6 Papers at ICASSP 2026
30 January 2026, by David Mosteller
Excited to share that our team will be presenting six papers at ICASSP 2026. Congratulations and thanks to all co-authors for their excellent work.
• Are Modern Speech Enhancement Systems Vulnerable to Adversarial Attacks?
Rostislav Makarov, Lea Schönherr, Timo Gerkmann
[audio], [arxiv]
We show that advanced speech enhancement systems can be manipulated with psychoacoustically masked adversarial noise, leading to semantic changes in the enhanced output. Diffusion models, however, show inherent robustness.
• Are These Even Words? Quantifying the Gibberishness of Generative Speech Models
Danilo de Oliveira, Tal Peer, Jonas Rochdi, Timo Gerkmann
[audio], [arxiv]
We study how non‑intrusive metrics behave for generative hallucinations and gibberish speech and propose a fully unsupervised method using language models. A high‑quality gibberish dataset and scoring tools are released.
• Real-Time Streaming Mel Vocoding with Generative Flow Matching
Simon Welker, Tal Peer, Timo Gerkmann
[arxiv]
We introduce MelFlow, a low‑latency flow‑matching Mel vocoder that enables real‑time streaming waveform synthesis from Mel spectrograms on consumer hardware and surpasses non‑streaming vocoders like HiFi‑GAN in speech quality.
• Adaptive Rotary Steering with Joint Autoregression for Robust Extraction of Closely Moving Speakers in Dynamic Scenarios
Jakob Kienegger, Timo Gerkmann
[audio], [arxiv]
We propose an autoregressive spatial filtering and tracking framework that handles closely spaced or crossing speakers and improves multi‑speaker extraction in dynamic conditions.
• Do We Need EMA for Diffusion-Based Speech Enhancement?

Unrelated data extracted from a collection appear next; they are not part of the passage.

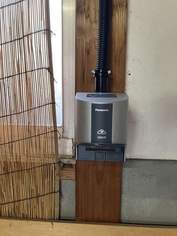 車庫から電源の取出せる場所まで遠い場合にはこのように埋設工事を行うこともあります。コンセントは20Aですが、将来の事も考えて30A対応の配線を保護管に入れて埋設させていただきました。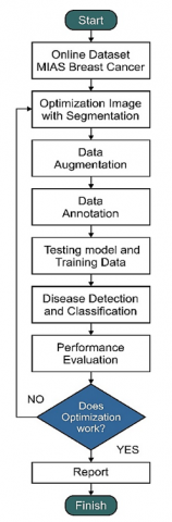 Figure 1 provides information on the working principle of the approach proposed in this study. The working principle consists of eight stages. The first stage of the online MIAS breast cancer dataset is determining and collecting breast cancer image data from online datasets. The second stage is preprocessing by optimizing the image data. The optimization uses a segmentation technique or algorithm according to the needs and functions. Optimization plays a role in increasing the value of object detection accuracy by manipulating the image. These manipulations include size, resolution, colour enhancement, and more.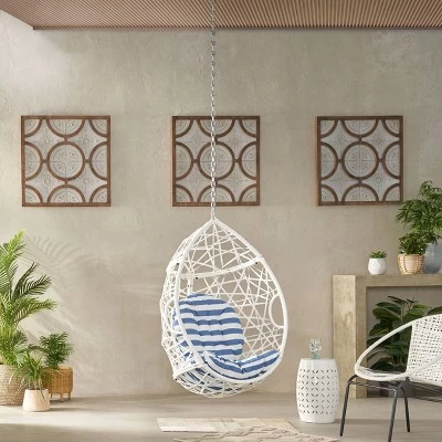 Take a little time to yourself and enjoy the smooth swaying motions of our hanging chair. Featuring a stunning teardrop shape, this charming accessory not only gives your space a refreshing transitional look but also offers incredible comfort. This is constructed with beautifully wrapped wicker weave and a sturdy metal frame, allowing you hours of much-needed leisure whenever you need it. Finished with plush water-resistant cushions, this piece can be used both indoor and outdoor, making this a truly extraordinary addition to your lounge area.

Toward a Magnitude-Preserving Network Architecture
Julius Richter, Danilo de Oliveira, Timo Gerkmann
[arxiv]
We introduce EDM2SE, a Schrödinger‑bridge diffusion model with magnitude‑preserving layers and time‑dependent preconditioning, improving robustness and training stability across datasets.
• Bone-Conduction Guided Multimodal Speech Enhancement with Conditional Diffusion Models
Sina Khanagha, Bunlong Lay, Timo Gerkmann
[arxiv]
We propose a multimodal diffusion model combining bone‑conducted and air‑conducted speech, yielding strong improvements in very noisy environments.
Looking forward to seeing you in Barcelona!